Published Pages | terri | NeuroLINCS Data Analysis Workflows

NeuroLINCS Project  

The NeuroLINCS Project is part of the NIH Common Fund's Library of Integrated Network-based Cellular Signatures (LINCS) program, which aims to characterize how a variety of human cells, tissues and entire organism respond to perturbations by drugs and other molecular factors.

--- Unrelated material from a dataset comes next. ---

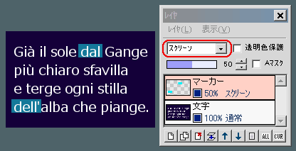最初は、文字画像とは別レイヤにマーカー風の太い線を描いて、レイヤの不透明度を下げればそれでいいかな?と思ってたのですが・・・
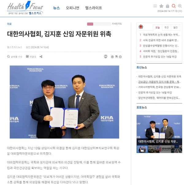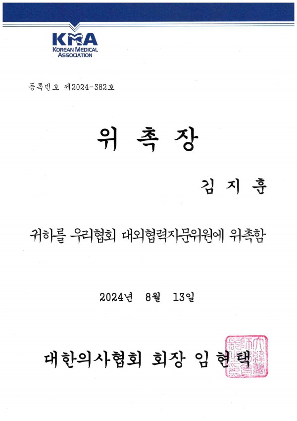 본 회 김지훈 회장이 2024년 8월 13일 제42대 대한의사협회(회장: 임현택) ’대외협력자문위원‘으로 위촉되었습니다(사진).

As Part of the LINCS program, the NeuroLINCS study concentrates on human brain cells, which are far less understood than other cells in the body. Our initial focus is to produce diseased motor neurons from patients by utilizing high-quality induced pluripotent stem cell (iPSC) lines from Amyotrophic Lateral Sclerosis (ALS) and Spinal Muscular Atrophy (SMA) patients in addition to unaffected normal healthy controls. Using state-of-the-art OMICS methods (genomics, epigenomics, transcriptomics, and proteomics), we intend to create a wealth of cellular data that is patient-specific in the context of their baseline genetic perturbations and in the presence of other genetic and environmental perturbagens (e.g. endoplasmic reticulum stress). The primary data will be used to build cell signatures that convey the key features that distinguish the state of a cell and determine its behavior. Ultimately, the analysis of these datasets will lead to the identification of a network of unique signatures relevant to each of these motor neuron diseases.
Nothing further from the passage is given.